Pictures must be left out. Print the lines from the beginning of the material through the line holding "FRUCHTBAR Mango, Apelsin, Kokosmjölk", exactly and nothing else.

→ EXERCISE DATA
*** Block opens ***

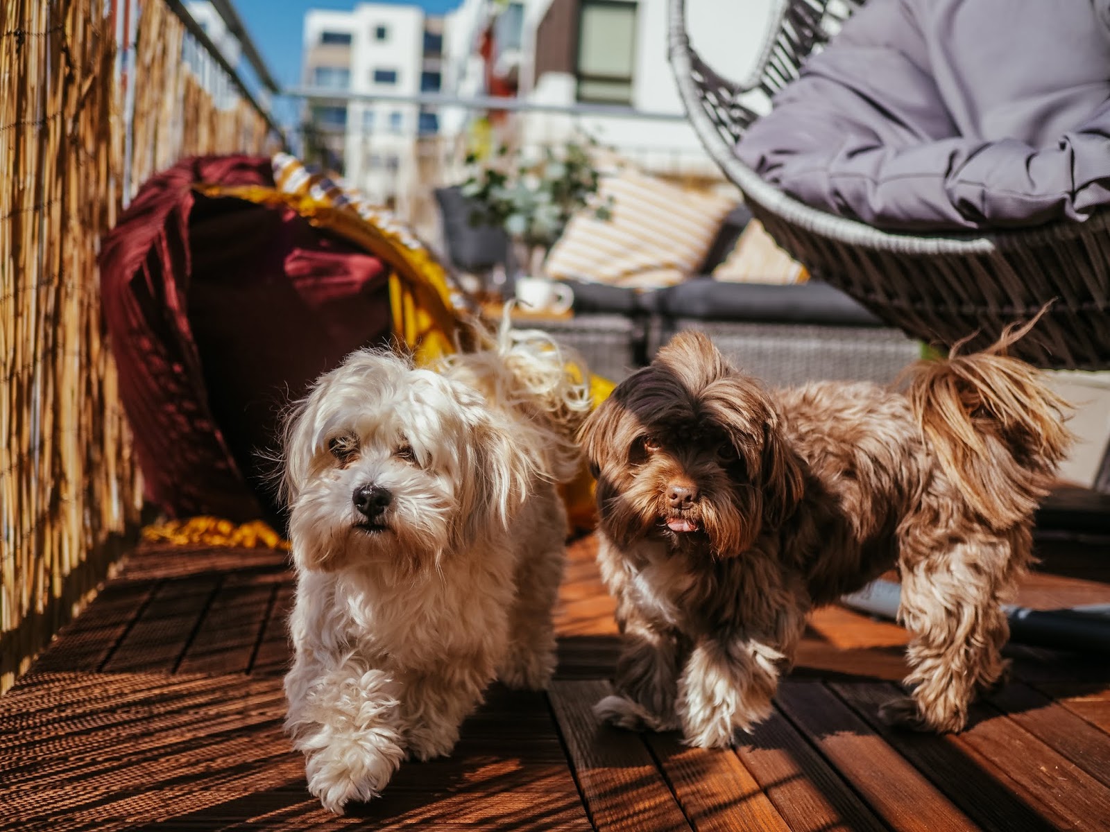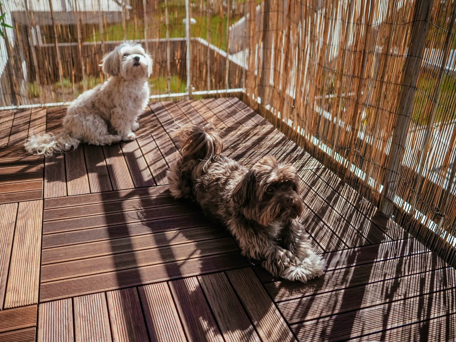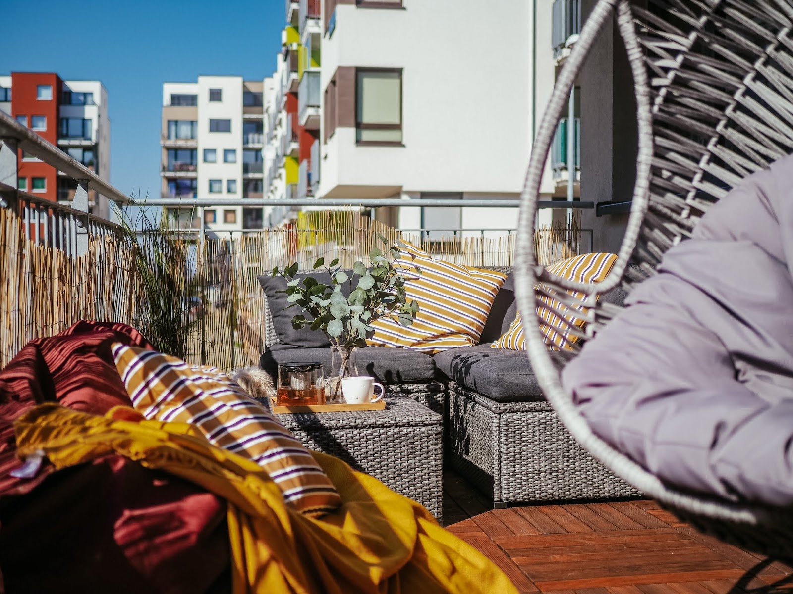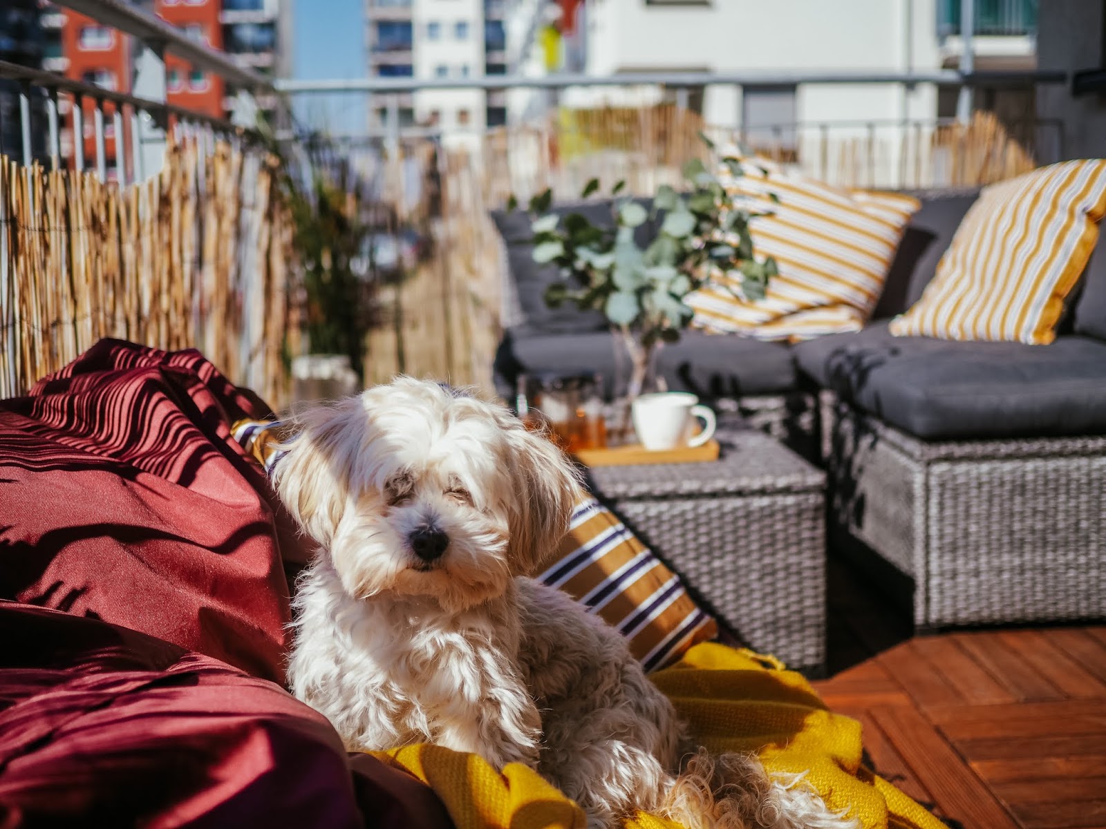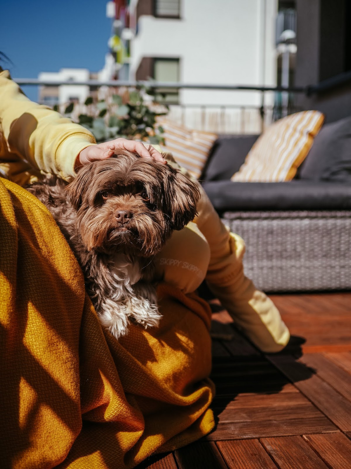 A co teprve ve chvíli, kdy jsem si (i s tou šílenou přirážkou za dovoz, pfff!!) objednala z Ikey poštářky, deky, umělý kytky a lampu a z obýváku vytáhla ven obří sedací pytel, kterej tady už rok překážel. Jak lusknutím prstu se balkon stal mým nejoblíbenějším místem v bytě a s pejskama jsem tam vysedávali a slunili se každej den. Myslim, že z následujících fotek je celkem jasně vidět, jak moc si to užíváme. ❤
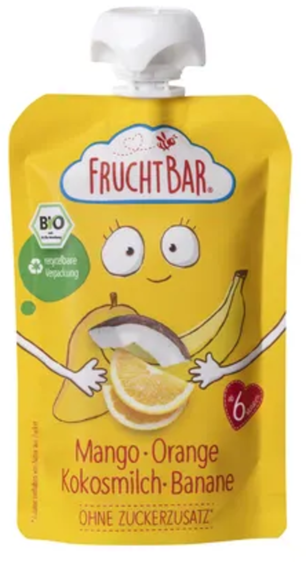 FRUCHTBAR Mango, Apelsin, Kokosmjölk & Pressad Banan Ekologisk, 100 g
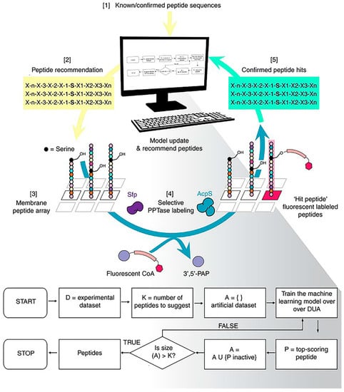 Machine-learning-based strategies for peptide screening. Using the peptide optimization with optimal learning (POOL) method to discover orthogonal peptide substrates for 4′-phosphopantetheinyl transferase. Reproduced from Reference [50] with permission. Copyright: 2017 Springer Nature.

*** Block closes ***

→ YOUR RESPONSE
 A co teprve ve chvíli, kdy jsem si (i s tou šílenou přirážkou za dovoz, pfff!!) objednala z Ikey poštářky, deky, umělý kytky a lampu a z obýváku vytáhla ven obří sedací pytel, kterej tady už rok překážel. Jak lusknutím prstu se balkon stal mým nejoblíbenějším místem v bytě a s pejskama jsem tam vysedávali a slunili se každej den. Myslim, že z následujících fotek je celkem jasně vidět, jak moc si to užíváme. ❤
 FRUCHTBAR Mango, Apelsin, Kokosmjölk & Pressad Banan Ekologisk, 100 g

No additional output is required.